◆ **What is required**
Exercise in exact copying: restate word for word only the lines below from the one containing "左脇ファスナー開きにし、着脱もしやすい仕様。 ミニ丈でも、インナーショーツ付きなのが嬉しい1着。 ■スタイリング" through the one containing "a) Giải thích", omitting any pictures.

◆ **Excerpted data**
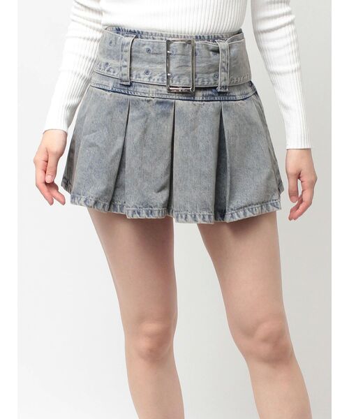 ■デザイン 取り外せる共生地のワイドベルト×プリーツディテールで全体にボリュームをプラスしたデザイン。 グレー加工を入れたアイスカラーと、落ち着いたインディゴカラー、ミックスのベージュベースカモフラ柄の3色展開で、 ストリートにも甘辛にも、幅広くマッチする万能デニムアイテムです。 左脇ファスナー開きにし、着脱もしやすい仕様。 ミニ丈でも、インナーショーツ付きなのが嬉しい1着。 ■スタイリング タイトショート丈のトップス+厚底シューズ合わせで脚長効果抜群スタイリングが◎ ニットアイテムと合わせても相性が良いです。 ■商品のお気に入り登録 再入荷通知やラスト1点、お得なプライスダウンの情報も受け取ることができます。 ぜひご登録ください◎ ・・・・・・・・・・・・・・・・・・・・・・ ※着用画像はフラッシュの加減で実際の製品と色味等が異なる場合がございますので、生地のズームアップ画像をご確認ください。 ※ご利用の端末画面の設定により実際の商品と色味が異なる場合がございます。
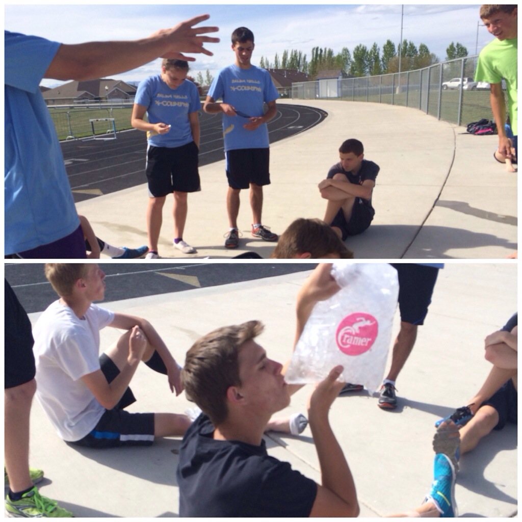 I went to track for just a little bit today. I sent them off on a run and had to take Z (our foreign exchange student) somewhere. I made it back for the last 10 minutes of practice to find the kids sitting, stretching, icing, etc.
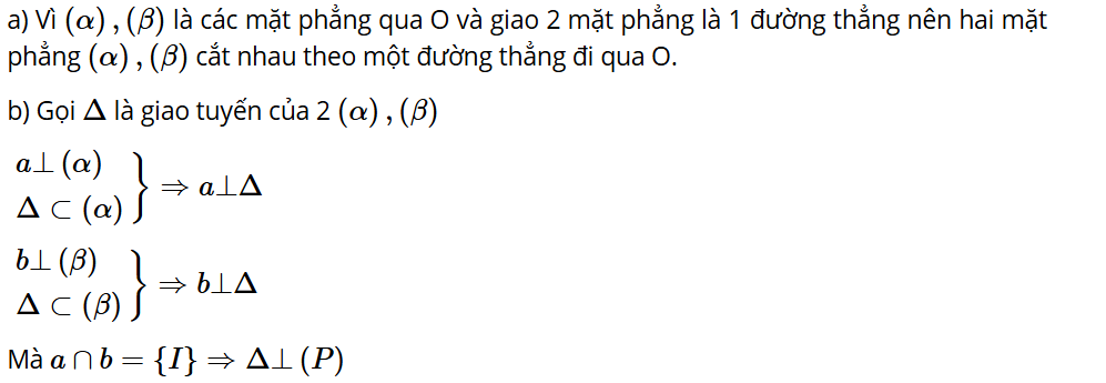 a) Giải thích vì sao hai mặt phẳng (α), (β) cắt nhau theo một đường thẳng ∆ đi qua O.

* * *

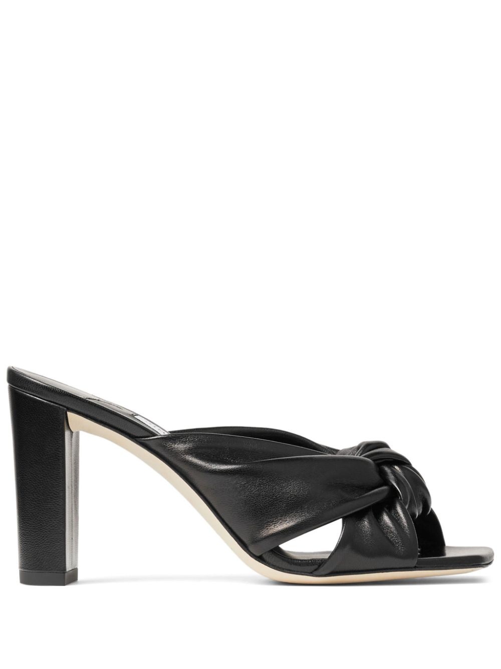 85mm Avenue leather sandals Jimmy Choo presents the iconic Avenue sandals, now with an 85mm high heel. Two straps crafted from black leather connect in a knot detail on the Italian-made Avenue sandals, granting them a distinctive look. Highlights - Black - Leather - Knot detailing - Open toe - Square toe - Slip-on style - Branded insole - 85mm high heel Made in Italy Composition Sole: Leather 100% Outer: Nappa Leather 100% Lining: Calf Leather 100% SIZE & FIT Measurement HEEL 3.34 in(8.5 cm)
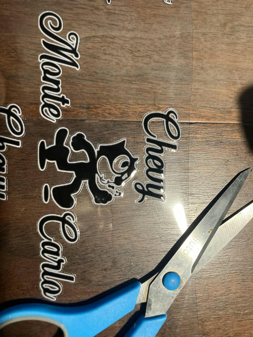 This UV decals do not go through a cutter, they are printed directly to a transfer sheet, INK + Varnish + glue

* * *

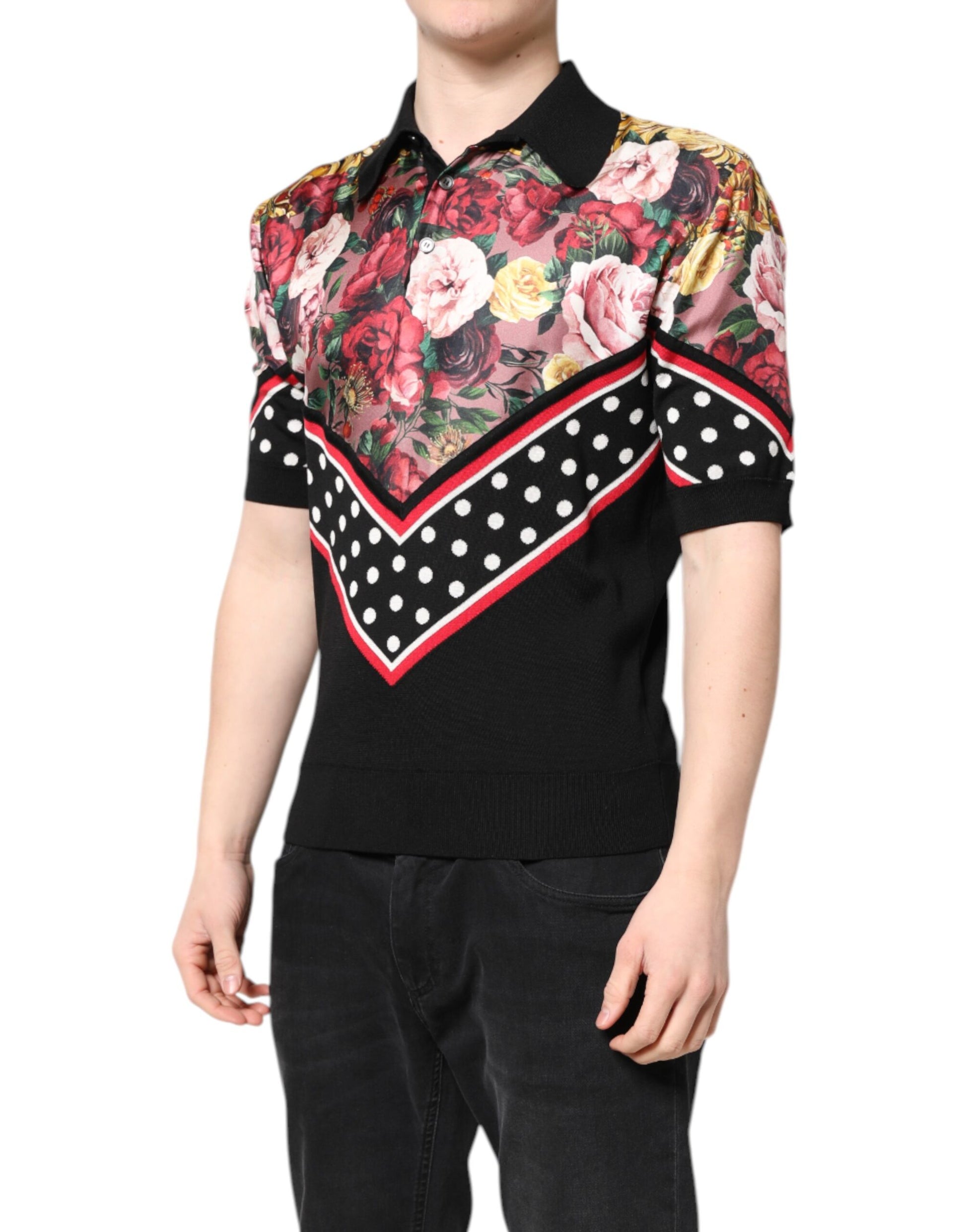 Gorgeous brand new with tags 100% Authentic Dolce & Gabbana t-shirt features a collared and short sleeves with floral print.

◆ **Written reply**
 ■デザイン 取り外せる共生地のワイドベルト×プリーツディテールで全体にボリュームをプラスしたデザイン。 グレー加工を入れたアイスカラーと、落ち着いたインディゴカラー、ミックスのベージュベースカモフラ柄の3色展開で、 ストリートにも甘辛にも、幅広くマッチする万能デニムアイテムです。 左脇ファスナー開きにし、着脱もしやすい仕様。 ミニ丈でも、インナーショーツ付きなのが嬉しい1着。 ■スタイリング タイトショート丈のトップス+厚底シューズ合わせで脚長効果抜群スタイリングが◎ ニットアイテムと合わせても相性が良いです。 ■商品のお気に入り登録 再入荷通知やラスト1点、お得なプライスダウンの情報も受け取ることができます。 ぜひご登録ください◎ ・・・・・・・・・・・・・・・・・・・・・・ ※着用画像はフラッシュの加減で実際の製品と色味等が異なる場合がございますので、生地のズームアップ画像をご確認ください。 ※ご利用の端末画面の設定により実際の商品と色味が異なる場合がございます。
 I went to track for just a little bit today. I sent them off on a run and had to take Z (our foreign exchange student) somewhere. I made it back for the last 10 minutes of practice to find the kids sitting, stretching, icing, etc.
 a) Giải thích vì sao hai mặt phẳng (α), (β) cắt nhau theo một đường thẳng ∆ đi qua O.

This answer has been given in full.